* [PROBLEM STATEMENT]
Take the lines from the head of the listing through the one bearing "迈途立领冬季短款90白鸭绒皮衣夹克学生保暖潮开衫运动外套PU皮羽绒服 白色 宽松版型,偏大" and copy them exactly, leaving every picture out.

-------- MATERIAL TO PROCESS

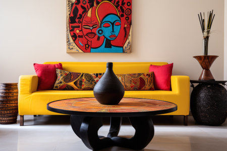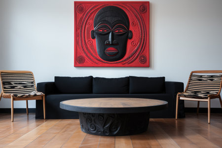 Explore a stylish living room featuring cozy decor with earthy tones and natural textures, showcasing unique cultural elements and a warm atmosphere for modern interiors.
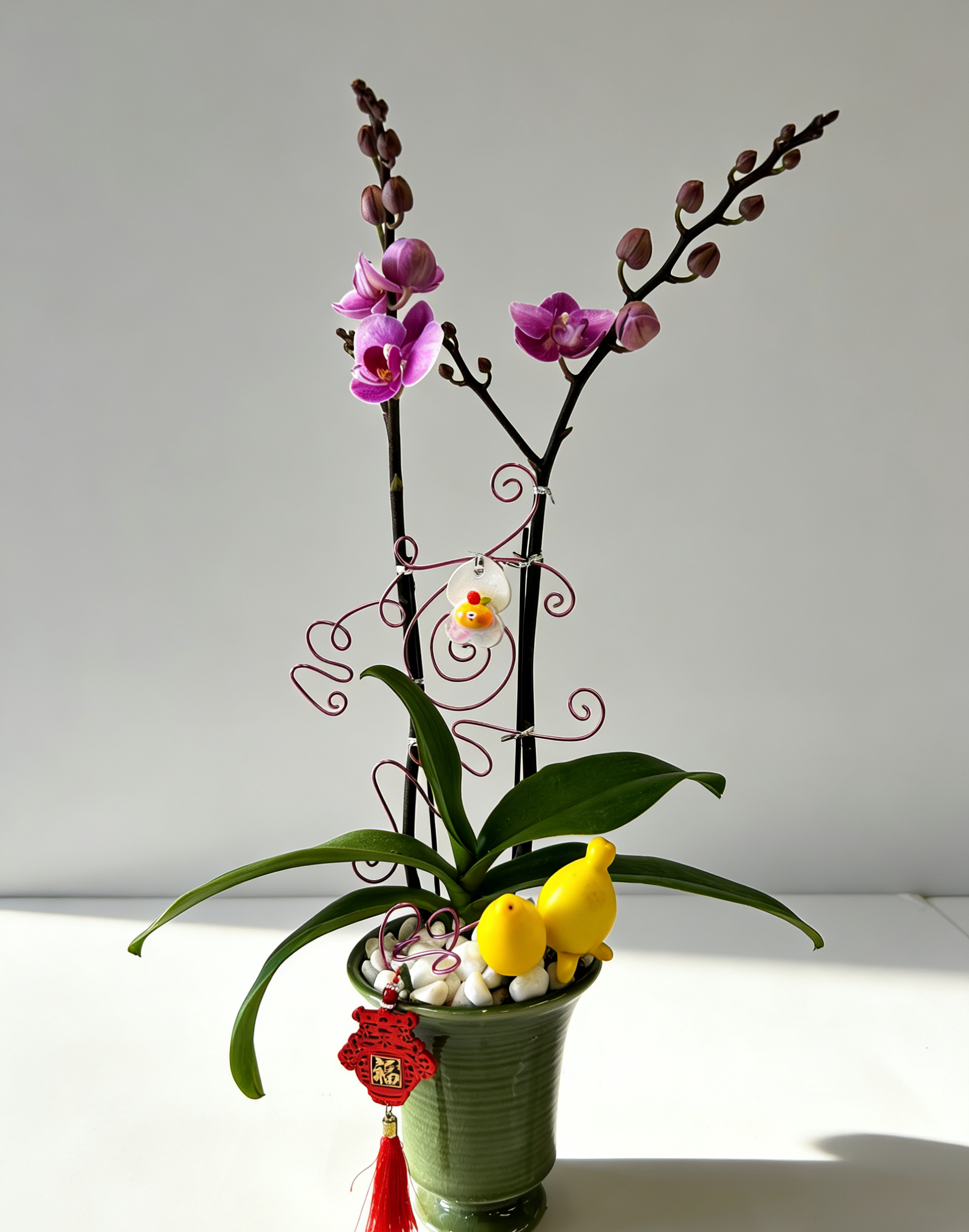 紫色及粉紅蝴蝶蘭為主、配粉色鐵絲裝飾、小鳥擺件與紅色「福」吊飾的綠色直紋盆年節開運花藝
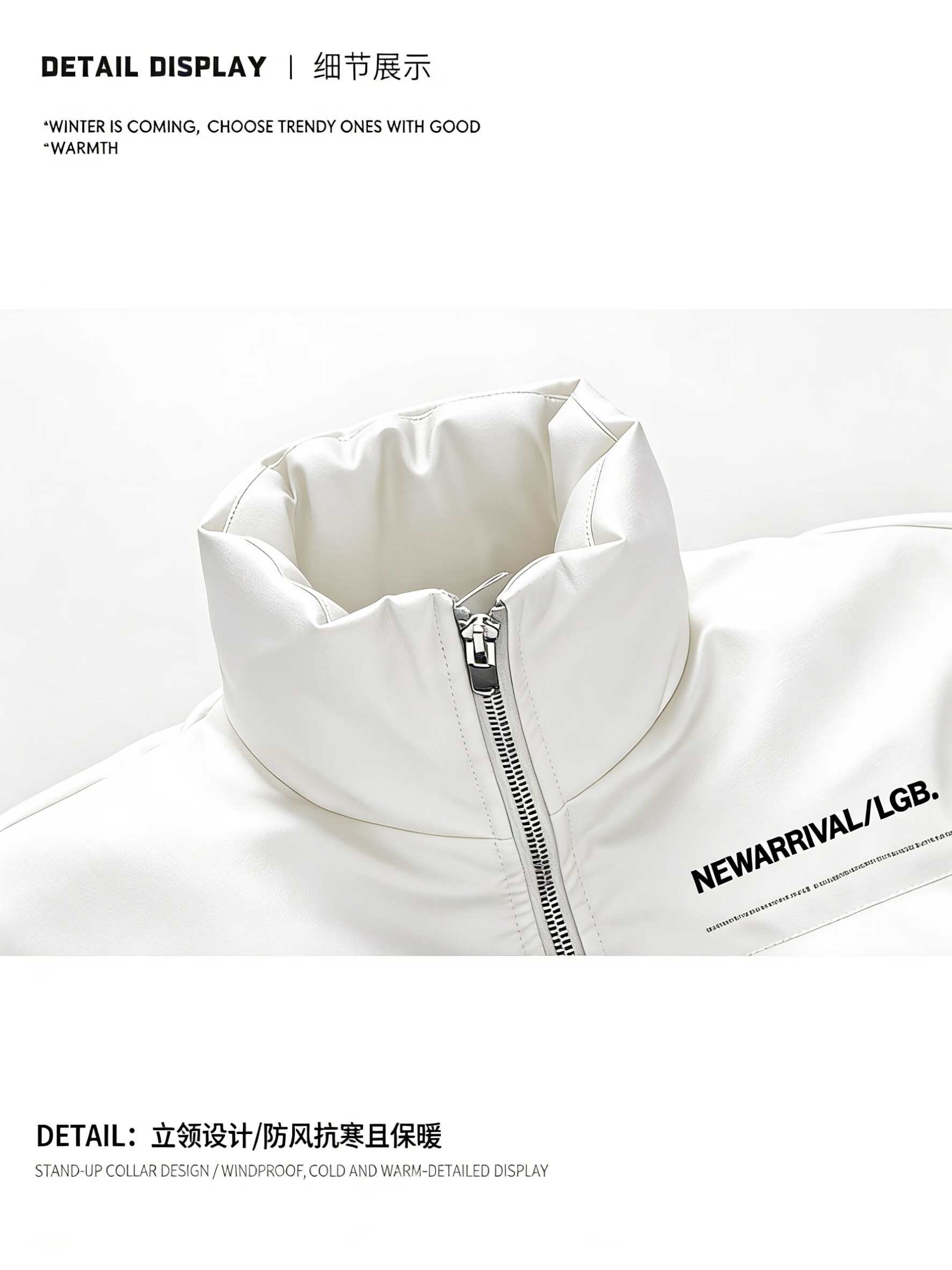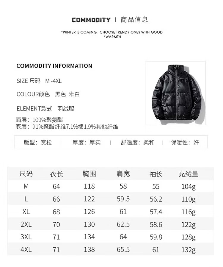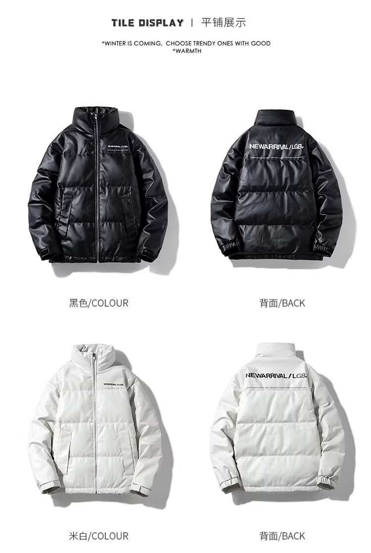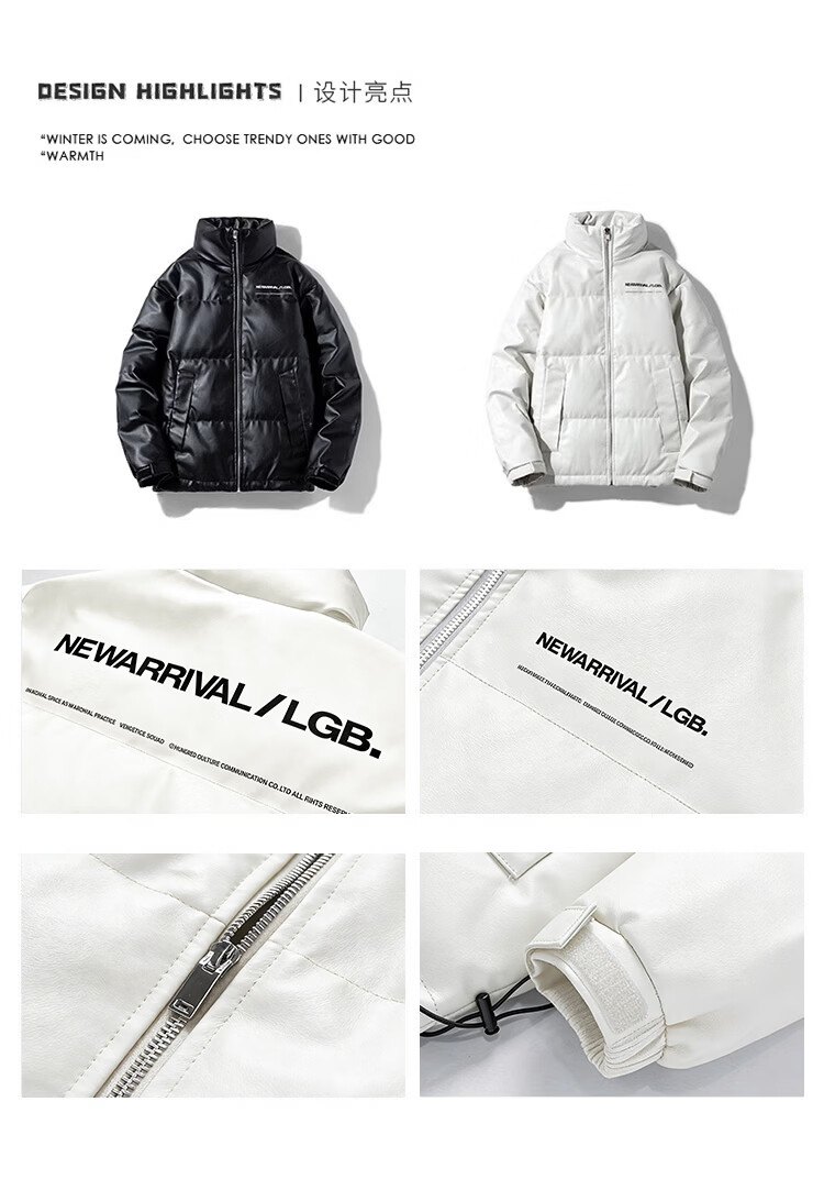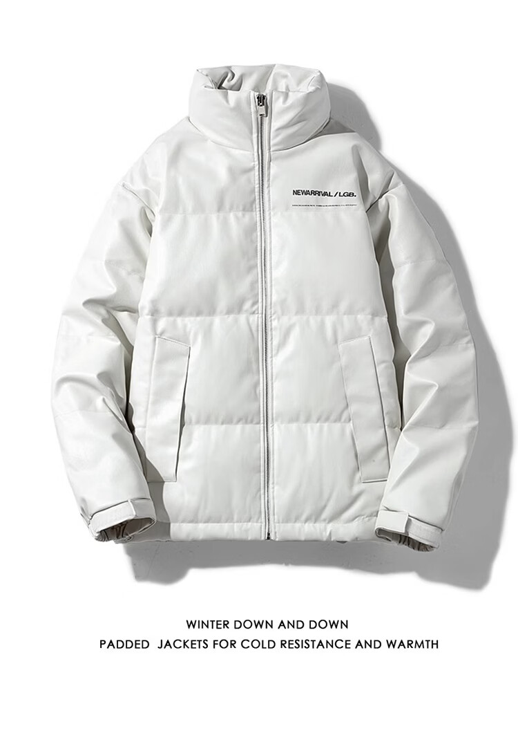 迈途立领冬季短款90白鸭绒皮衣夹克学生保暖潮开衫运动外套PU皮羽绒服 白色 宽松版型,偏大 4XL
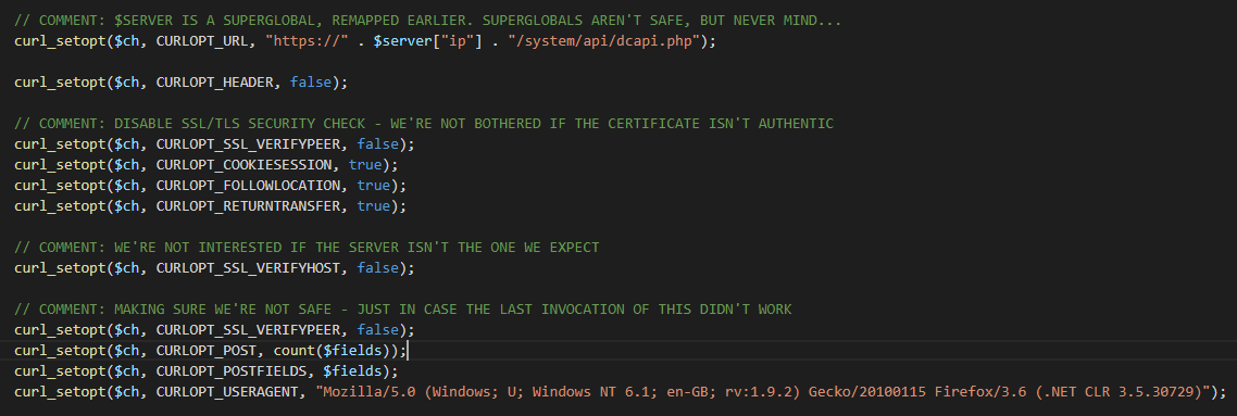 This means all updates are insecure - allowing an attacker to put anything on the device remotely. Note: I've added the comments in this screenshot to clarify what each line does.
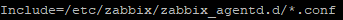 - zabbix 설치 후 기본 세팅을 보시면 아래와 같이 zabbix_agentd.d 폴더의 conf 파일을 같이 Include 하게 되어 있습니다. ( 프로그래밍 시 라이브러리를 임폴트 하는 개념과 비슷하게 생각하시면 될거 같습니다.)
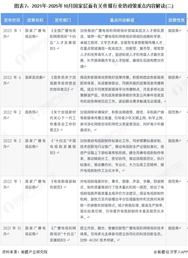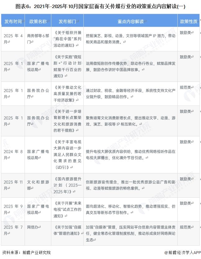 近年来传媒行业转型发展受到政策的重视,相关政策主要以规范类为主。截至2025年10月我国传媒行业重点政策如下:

----------------

* [SOLVED PROBLEM]
 Explore a stylish living room featuring cozy decor with earthy tones and natural textures, showcasing unique cultural elements and a warm atmosphere for modern interiors.
 紫色及粉紅蝴蝶蘭為主、配粉色鐵絲裝飾、小鳥擺件與紅色「福」吊飾的綠色直紋盆年節開運花藝
 迈途立领冬季短款90白鸭绒皮衣夹克学生保暖潮开衫运动外套PU皮羽绒服 白色 宽松版型,偏大 4XL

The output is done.